CORPORATE RESCUE PROCEDURES IN THE UK

In Chapter 2 of this book the point was made that administration in the UK is not a stand-alone procedure in the same way that Chapter 11 is in the US. It is more a gateway to other procedures, whether this be an agreement with creditors or liquidation or dissolution of the company. The legislation conceives of a framework under which the administrator manages the company’s affairs on a day-to-day basis while making investigations and inquiries with a view to formulating proposals to achieve the goals of administration. Another legislative assumption is that, in return for the moratorium on enforcement of their rights, creditors should have an important say on the conduct of the administration. While, generally speaking, the administrator must gain the consent of creditors to his proposals at a meeting,94 the requirement to hold a creditors’ meeting can be dispensed with in certain circumstances, and moreover, the administrator is permitted to sell the company’s business in advance of the meeting.95 Such a sale may make the meeting largely redundant.

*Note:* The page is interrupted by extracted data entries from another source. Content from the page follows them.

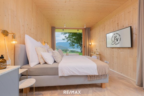 Reduziert, klar und dennoch äußerst wohnlich präsentiert sich der „Minimalist“. Der offene Wohn-, Koch- und Essbereich wird von einer durchgehenden Sitzbank entlang der Panorama-Verglasung begleitet – ein idealer Platz, um den Blick über den See schweifen zu lassen. Die Glasdusche ist direkt in den Raum integriert, der Schlafbereich ist clever durch das separate WC abgetrennt.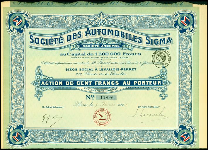 Keywords: Automobiles Sigma 1921.jpg de Aktie über 100 Francs der Automobiles Sigma SA vom 7 Februar 1921 1921-02-07 Sammlung eines Mitglieds des Ersten Deutschen Historic-Actien-Clubs e V EDHAC e V ; le Edhac-Edham other versions PD-old-70-1923 Bonds and Shares of EDHAC members Sigma France vehicles |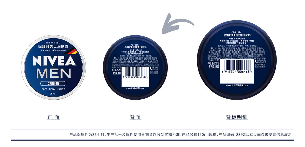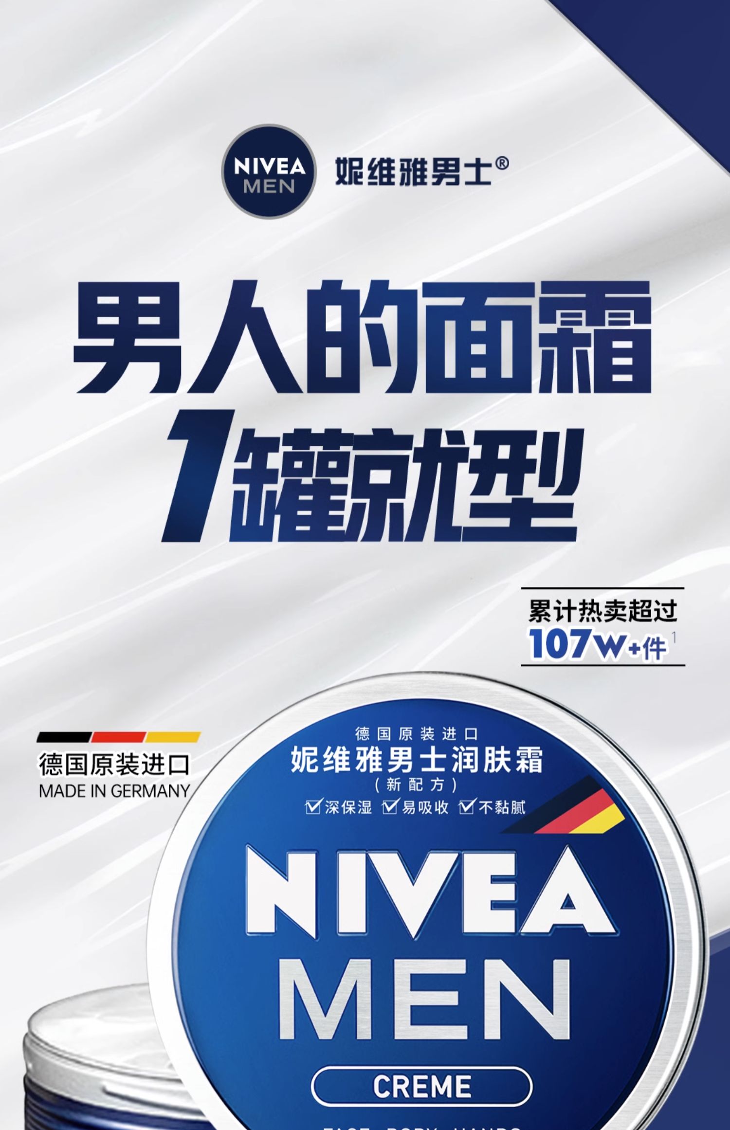 商品名称:妮维雅男士专用润肤霜补水保湿滋润不粘腻便携多用秋冬擦脸霜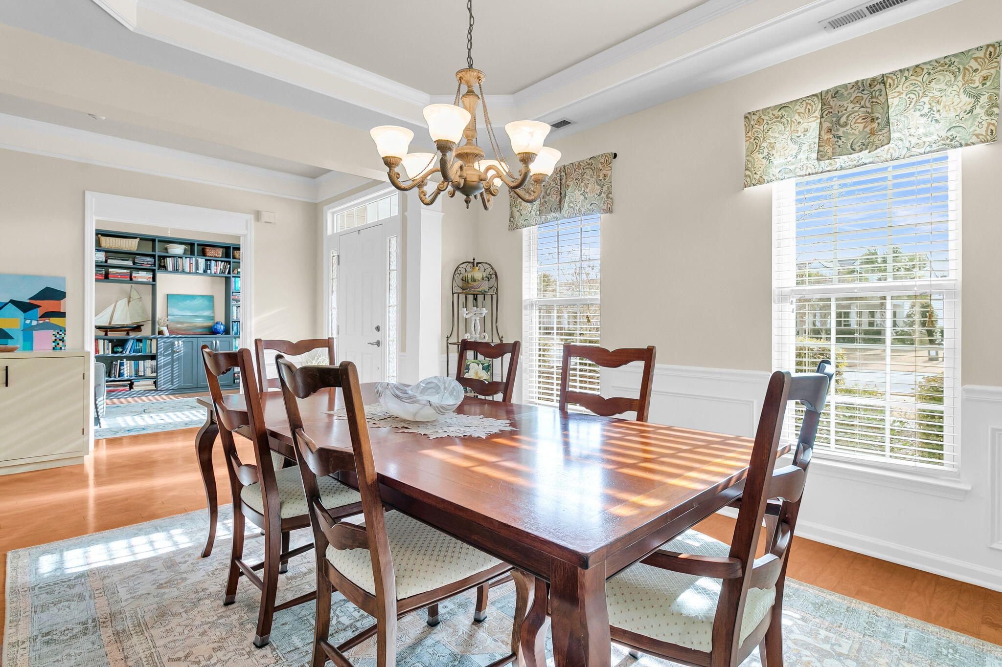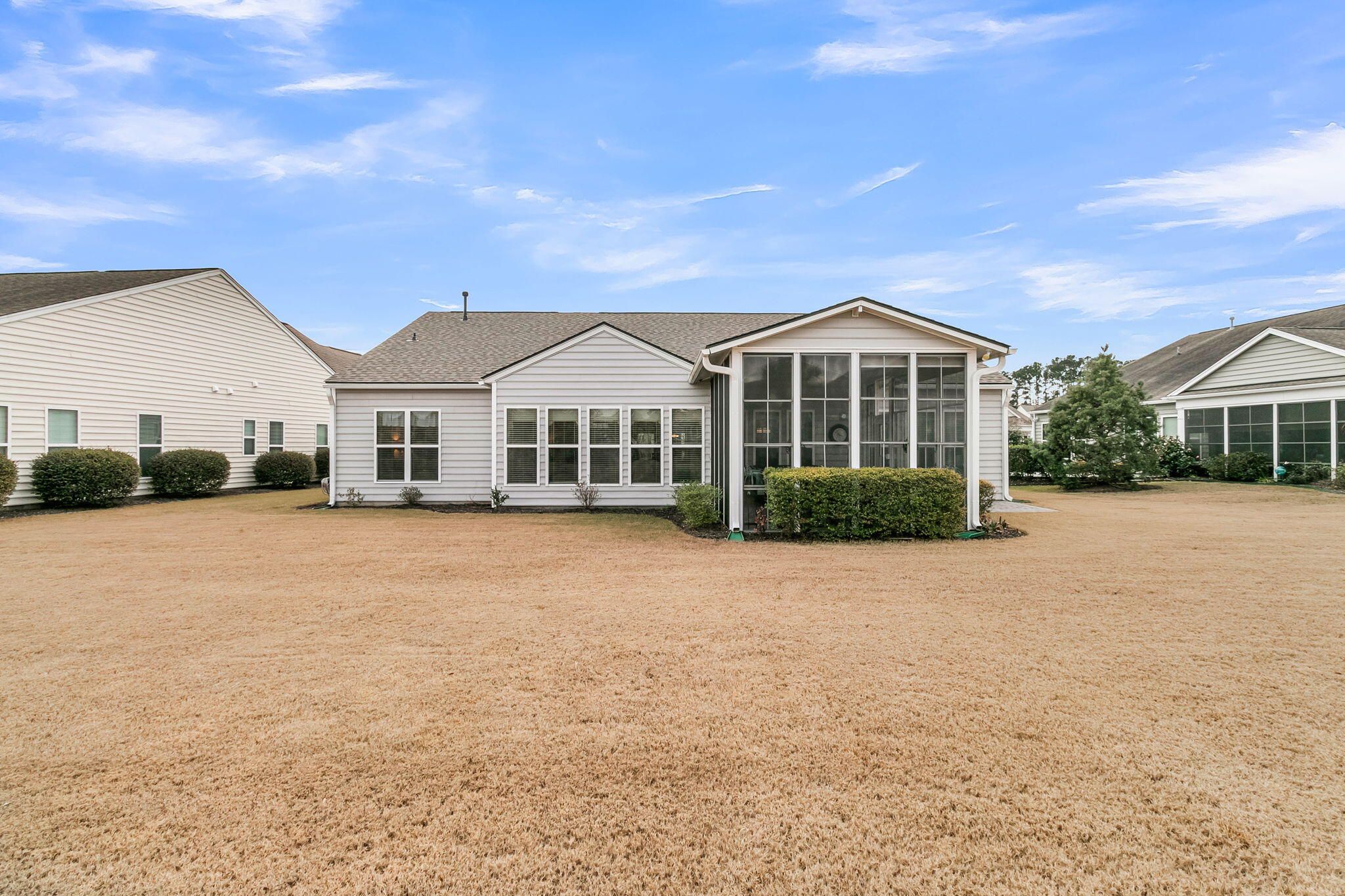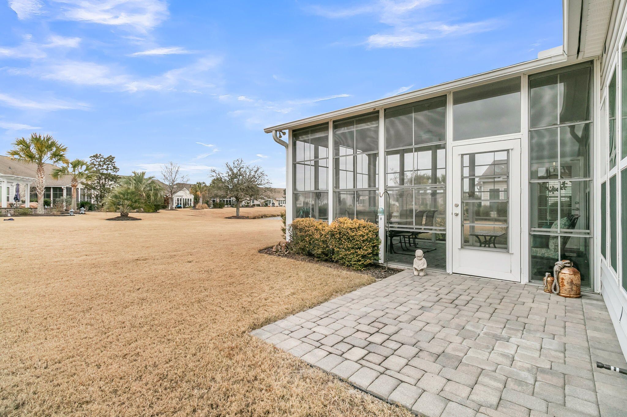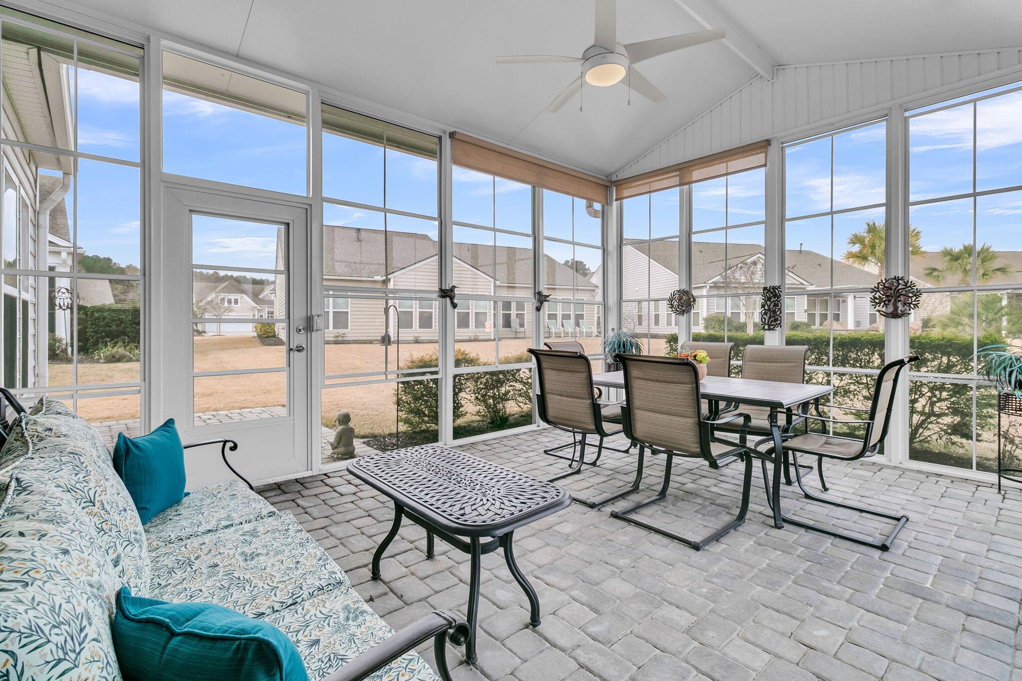 A true outdoor Oasis, this oversized homesite overlooking tons of green space with a landscaped berm on one side of the home and lagoon view, you'll find this beautiful Bluffton Cottage home in Charleston's Premier 55 plus community Del Webb Cane Bay! Featuring 3 bedrooms, 2 baths, sunroom, and large screened lanai with vinyl windows. This home is the perfect combination of renovated interior finishes and incredible location. The welcoming elongated front porch with stone pavers is the perfect place to enjoy a morning cup of coffee. As you walk inside, you're greeted by hardwood floors extending from the foyer into the dining room, great room, sunroom, bedrooms and hallways. The dining room is highlighted with a tray ceiling and wainscoting, creating an elegant dining space. A French....door office with custom built-in shelving to the right of the foyer is the perfect flex room that could be used as a third sleeping area for guests. The kitchen offers many upgrades, including granite countertops, subway tile backsplash, staggered painted Maple cabinets with crown molding, recessed can lighting, stainless steel built-in wall oven and microwave, 5 burner gas cooktop, and refrigerator. The kitchen overlooks a great room perfect for entertaining friends and family. At the back of the home is a light-filled sunroom leads to you onto the large screened-in lanai with lagoon view, vaulted ceiling, stone pavers and vinyl windows, making it a Four Seasons room to be enjoyed most of the year. From there, an exterior stone paver patio for outdoor enjoyment. The backyard setting is tranquil, the way this homesite is situation offers the owners plenty of privacy while also enjoying the beautiful landscaping surrounding the home and peaceful lagoon view. Back inside you'll find the Primary bedroom which includes a tray ceiling and beautifully renovated primary bathroom suite featuring double sink vanity, framed mirrors, walk-in tiled shower, and large walk-in closet with custom built-ins. The second bedroom is 11' x 18' and has an attached bathroom making it the perfect second primary bedroom or guest suite. The laundry room is outfitted with upper storage cabinets above the washer and dryer and floor to ceiling cabinets on the other side. From there, a two car garage with epoxy floor complete with additional storage cabinets and wall storage systems in place. New roof and outdoor condenser unit installed in 2023 and whole house generator included. Don't miss this incredible move-in ready home and active adult community with a full-time lifestyle director, over 100 chartered clubs and activity groups for an opportunity to meet new friends and enjoy the retired life you have always imagined. You will not be disappointed, please book your showing today!

Chapter 2 also made the point that the substantive rights of creditors cannot be changed simply through approving proposals made by an administrator. Such proposals cannot be equated with a Chapter 11 reorganisation plan.96 Something more has to be done before creditors’ rights can be discharged or varied. There are however a number of statutory possibilities for achieving binding effect and overcoming hold-outs among minority creditors to something like a debt-forgiveness plan or a debt/equity swap. If the agreement of each creditor had to be obtained there might be considerable coordination costs in assembling the necessary parties and bringing them into the agreement.

93See National Bankruptcy Review Commission Report Bankruptcy: The Next Twenty Years (1997) at pp 562–563.

94Schedule B1 Insolvency Act 1986, para 51.

95See Re Transbus International Ltd [2004] 2 All ER 911.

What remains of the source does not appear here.